**EXERCISE DATA**
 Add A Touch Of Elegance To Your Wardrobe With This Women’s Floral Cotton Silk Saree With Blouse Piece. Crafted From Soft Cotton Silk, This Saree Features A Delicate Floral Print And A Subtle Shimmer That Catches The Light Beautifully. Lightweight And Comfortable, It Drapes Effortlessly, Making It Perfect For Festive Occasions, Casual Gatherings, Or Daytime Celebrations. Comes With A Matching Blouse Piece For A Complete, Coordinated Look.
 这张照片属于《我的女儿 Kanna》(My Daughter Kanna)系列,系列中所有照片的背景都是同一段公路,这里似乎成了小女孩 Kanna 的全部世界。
...
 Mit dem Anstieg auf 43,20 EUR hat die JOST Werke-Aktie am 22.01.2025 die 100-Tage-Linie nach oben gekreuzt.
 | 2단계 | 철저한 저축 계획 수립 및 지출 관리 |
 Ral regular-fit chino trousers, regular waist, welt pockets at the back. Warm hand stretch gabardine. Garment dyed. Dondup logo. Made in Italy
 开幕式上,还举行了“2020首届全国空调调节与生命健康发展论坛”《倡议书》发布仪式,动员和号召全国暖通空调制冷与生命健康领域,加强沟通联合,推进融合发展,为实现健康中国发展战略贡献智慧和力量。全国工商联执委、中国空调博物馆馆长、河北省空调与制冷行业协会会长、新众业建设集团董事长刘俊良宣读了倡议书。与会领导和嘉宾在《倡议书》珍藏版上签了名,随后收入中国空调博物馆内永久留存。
* * *
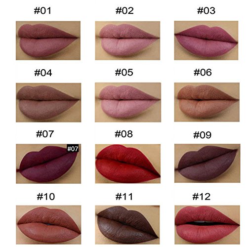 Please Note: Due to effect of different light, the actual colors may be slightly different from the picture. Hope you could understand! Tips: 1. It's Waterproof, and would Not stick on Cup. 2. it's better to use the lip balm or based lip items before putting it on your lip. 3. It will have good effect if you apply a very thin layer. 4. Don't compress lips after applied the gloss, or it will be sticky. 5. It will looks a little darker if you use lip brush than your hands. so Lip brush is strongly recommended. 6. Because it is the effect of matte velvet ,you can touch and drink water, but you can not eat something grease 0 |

**AIM OF THE EXERCISE**
Scan the records above for the lines holding "Mit dem Anstieg" and "Ral regular-fit chino". Transcribe those two and every line between them word for word, and no others.

**ANSWER SPACE**
 Mit dem Anstieg auf 43,20 EUR hat die JOST Werke-Aktie am 22.01.2025 die 100-Tage-Linie nach oben gekreuzt.
 | 2단계 | 철저한 저축 계획 수립 및 지출 관리 |
 Ral regular-fit chino trousers, regular waist, welt pockets at the back. Warm hand stretch gabardine. Garment dyed. Dondup logo. Made in Italy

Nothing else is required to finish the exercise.